Yugoslavia would've just been the Serbian Empire.
In any case,
the major change to the world wouldn't've been anything in Europe itself. China had just finally gotten rid of the Qing Empire and was a basketcase; without Europe committing suicide and losing all interest in playing its factions against one another, it would've been firmly carved into spheres of influence before it could get its act together:
View attachment 546974
Note that this map understates Russian claims in both Manchuria and Xinjiang and doesn't note well that Korea and Taiwan were already held by Japan. Also weird of them to mention Hangzhou and Chongqing and not the major international settlements at Tianjin, Shanghai, etc.

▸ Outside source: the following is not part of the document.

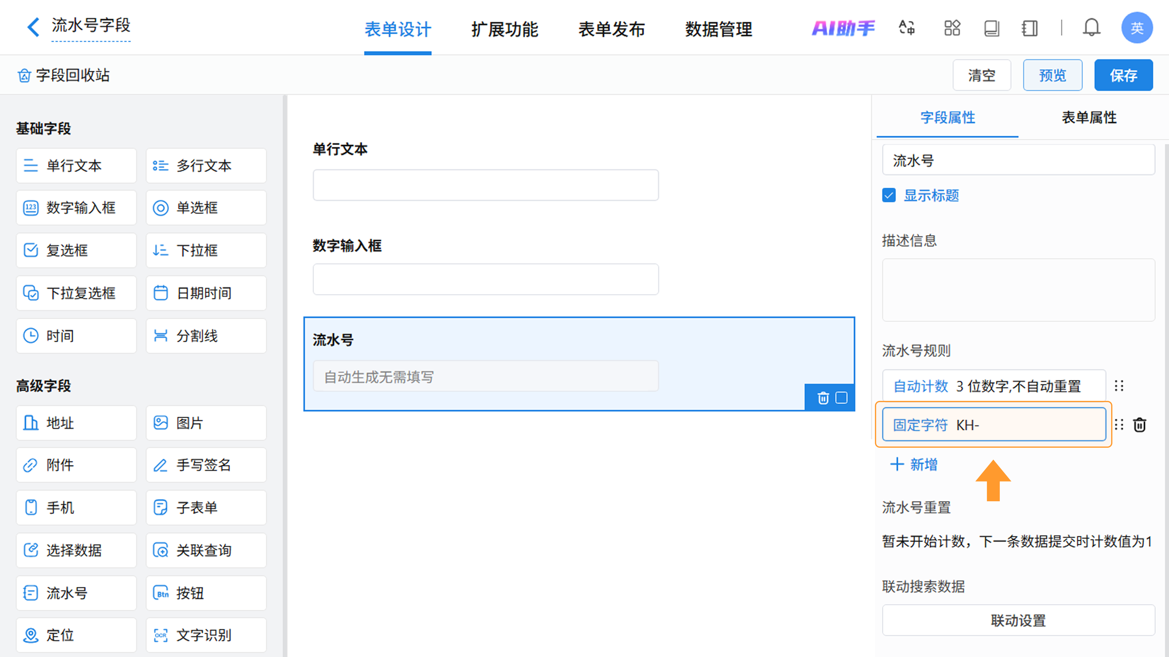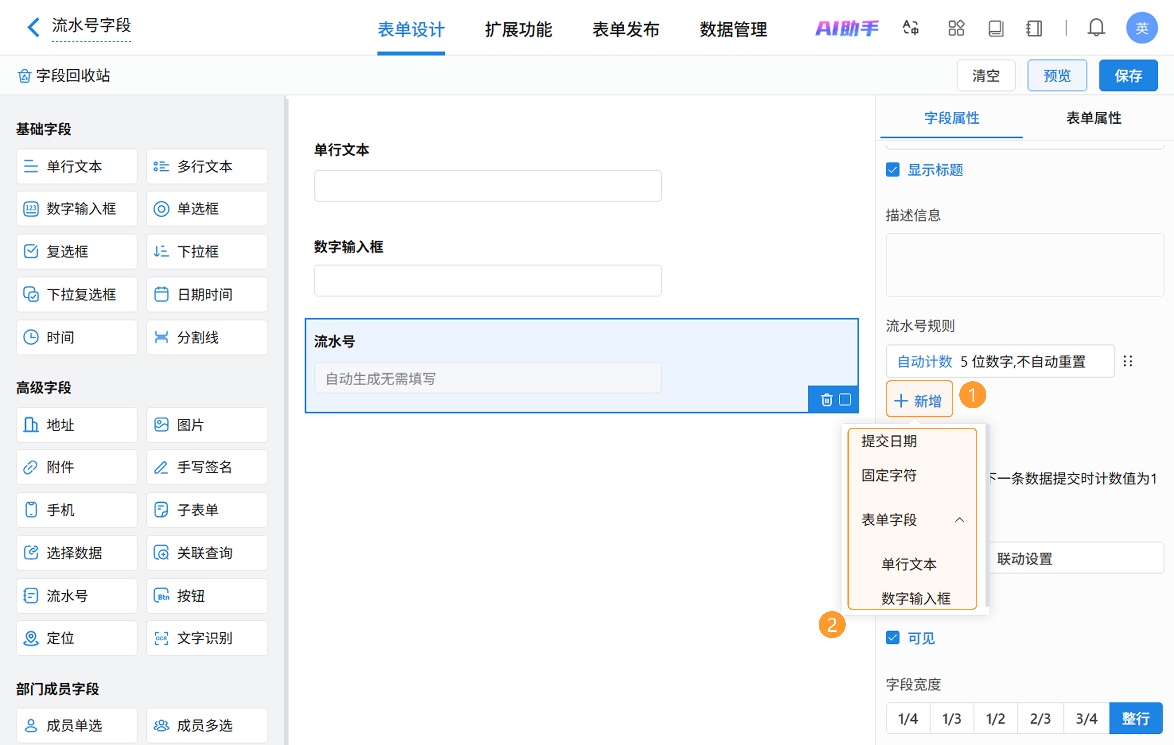 在表单设计页面,从左侧字段区拖拽或点击即可添加流水号字段,在右侧属性区进行配置。

Decolonizing China would've eventually happened: for all the talk of its atheism, there's 3000 years of nearly religious love for their land, its reunification, and tossing foreign rulers at the first available opportunity. Martyrdom for that cause is nearly as big a thing as it is in Islam, even without the promise of much of an afterlife. But without Mao spiking their birthrate, without Deng bringing in the One Child Policy, without He Kang and China's teams of Norman Borlaugs' focuses on improving rice output and engineers' focuses on major dams, without active American/Soviet support of its war efforts, development, etc., you might've been looking at the late 20th and early 21st century as a long boil of terrorism and reciprocal massacres amid dystopian quality of life and still-ongoing triennial floods of the Yellow River plains.
As far as the Eurocentric part of this goes, the intersection of the NS and EW trunk lines at Wuhan would've risked becoming a second Fashoda as Britain tried to maintain its hold on the Yangtze basin and France tried to push north across the mountains from Guangdong into entire provinces underlain by coal fields. Sichuan, Hebei, and Xinjiang would've been other powderkegs.